§ TASK STATEMENT
Could you copy the records below exactly, leaving out any pictures they include?

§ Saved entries
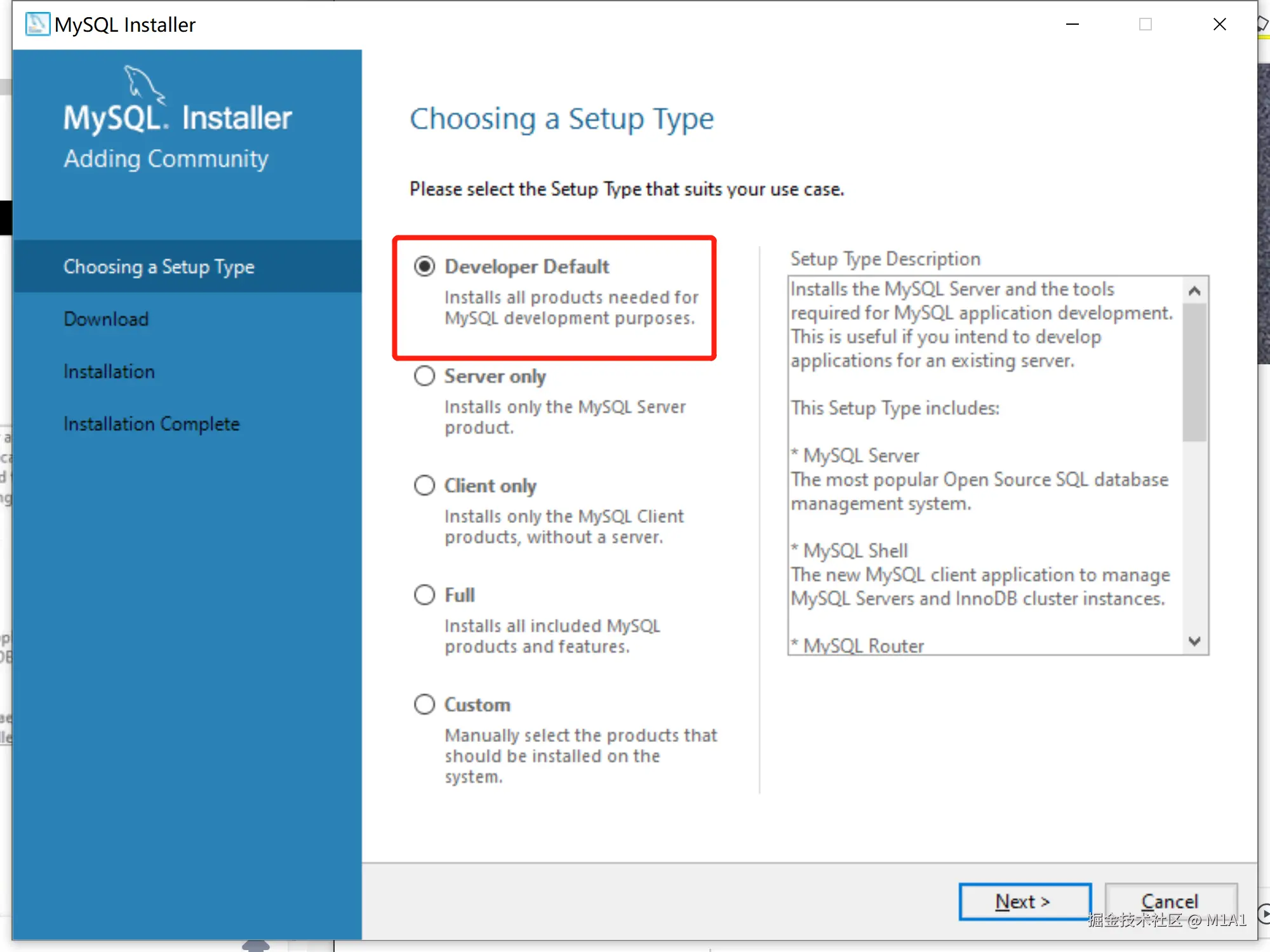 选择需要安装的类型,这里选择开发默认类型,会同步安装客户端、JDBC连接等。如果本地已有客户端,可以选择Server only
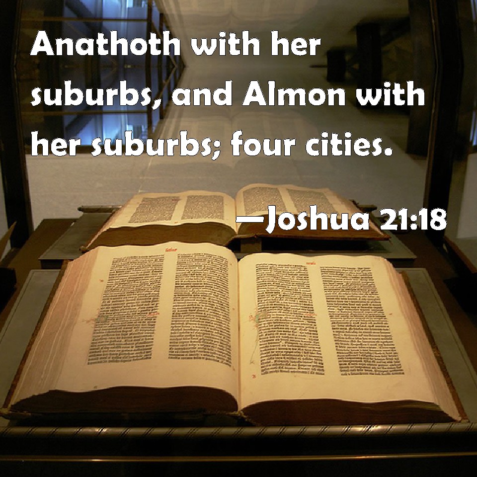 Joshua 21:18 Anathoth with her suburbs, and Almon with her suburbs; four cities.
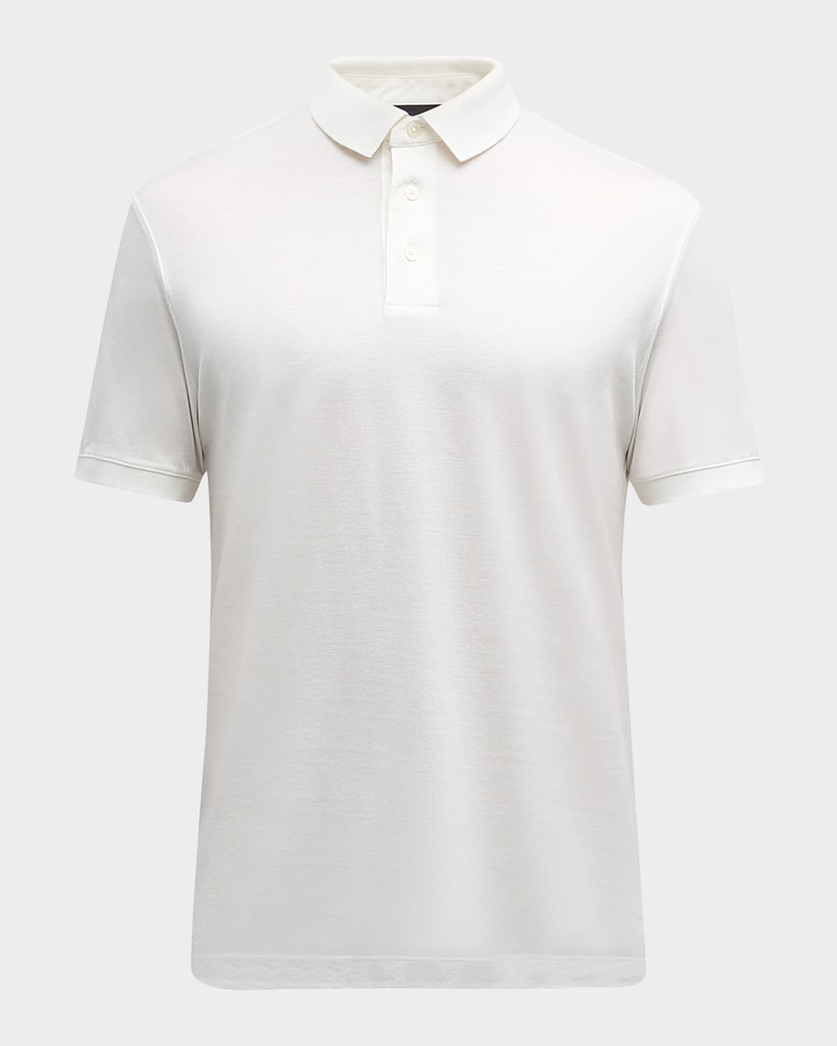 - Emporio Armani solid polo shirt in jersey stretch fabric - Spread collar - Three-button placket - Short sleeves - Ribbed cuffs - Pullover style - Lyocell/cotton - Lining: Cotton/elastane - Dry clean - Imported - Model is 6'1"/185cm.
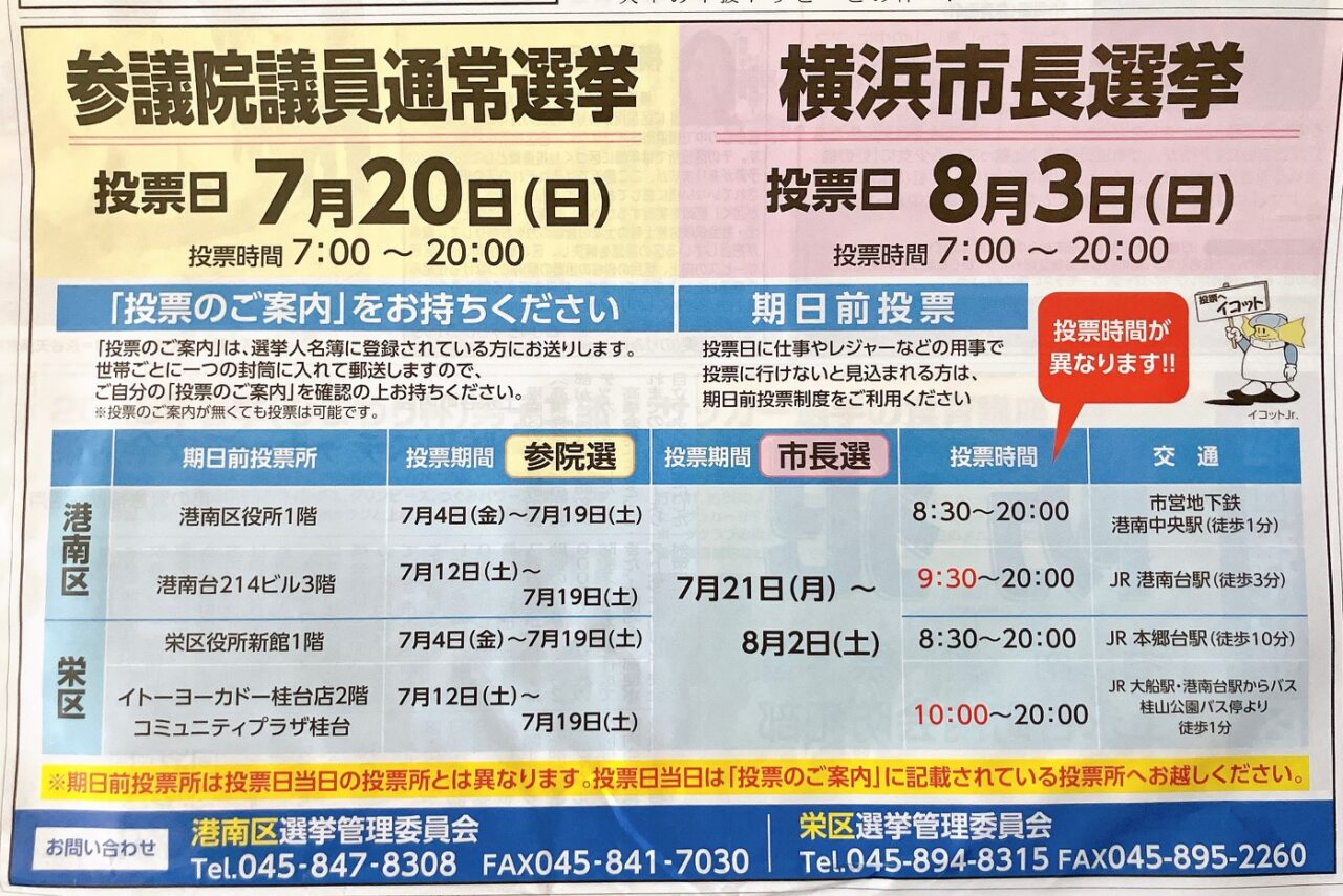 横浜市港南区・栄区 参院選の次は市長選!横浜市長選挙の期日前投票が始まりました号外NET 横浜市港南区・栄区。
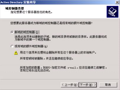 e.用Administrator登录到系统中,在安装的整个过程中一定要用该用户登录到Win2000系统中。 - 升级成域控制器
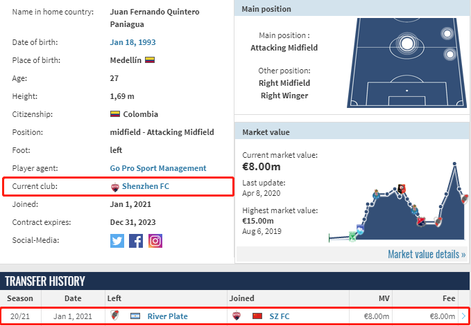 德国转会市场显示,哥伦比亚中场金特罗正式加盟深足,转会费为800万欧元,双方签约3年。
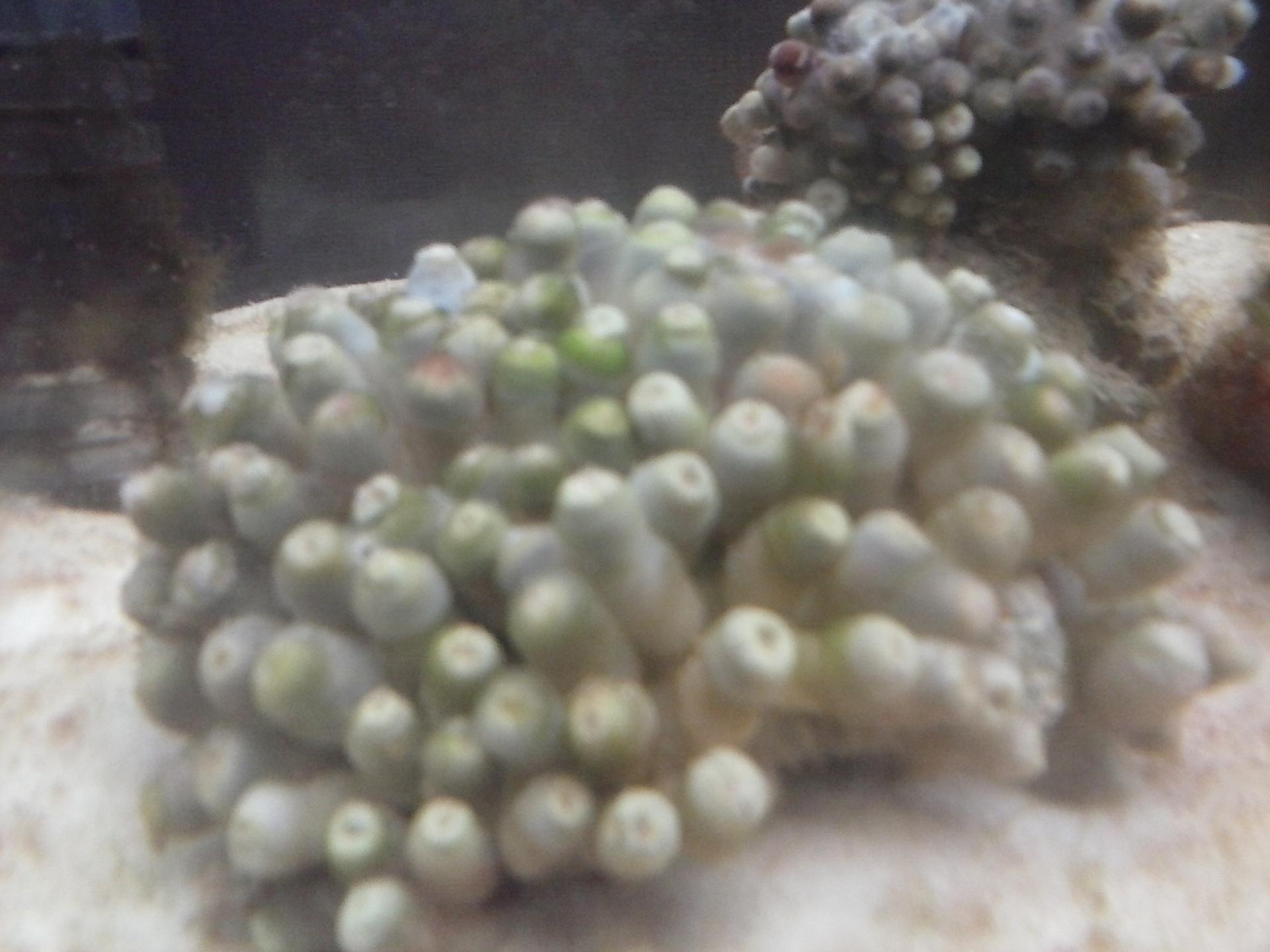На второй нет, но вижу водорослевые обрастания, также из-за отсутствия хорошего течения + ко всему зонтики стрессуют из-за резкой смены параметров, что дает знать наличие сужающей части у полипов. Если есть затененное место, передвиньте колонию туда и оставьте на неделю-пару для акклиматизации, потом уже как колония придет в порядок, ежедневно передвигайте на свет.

§ YOUR RESPONSE
 选择需要安装的类型,这里选择开发默认类型,会同步安装客户端、JDBC连接等。如果本地已有客户端,可以选择Server only
 Joshua 21:18 Anathoth with her suburbs, and Almon with her suburbs; four cities.
 - Emporio Armani solid polo shirt in jersey stretch fabric - Spread collar - Three-button placket - Short sleeves - Ribbed cuffs - Pullover style - Lyocell/cotton - Lining: Cotton/elastane - Dry clean - Imported - Model is 6'1"/185cm.
 横浜市港南区・栄区 参院選の次は市長選!横浜市長選挙の期日前投票が始まりました号外NET 横浜市港南区・栄区。
 e.用Administrator登录到系统中,在安装的整个过程中一定要用该用户登录到Win2000系统中。 - 升级成域控制器
 德国转会市场显示,哥伦比亚中场金特罗正式加盟深足,转会费为800万欧元,双方签约3年。
На второй нет, но вижу водорослевые обрастания, также из-за отсутствия хорошего течения + ко всему зонтики стрессуют из-за резкой смены параметров, что дает знать наличие сужающей части у полипов. Если есть затененное место, передвиньте колонию туда и оставьте на неделю-пару для акклиматизации, потом уже как колония придет в порядок, ежедневно передвигайте на свет.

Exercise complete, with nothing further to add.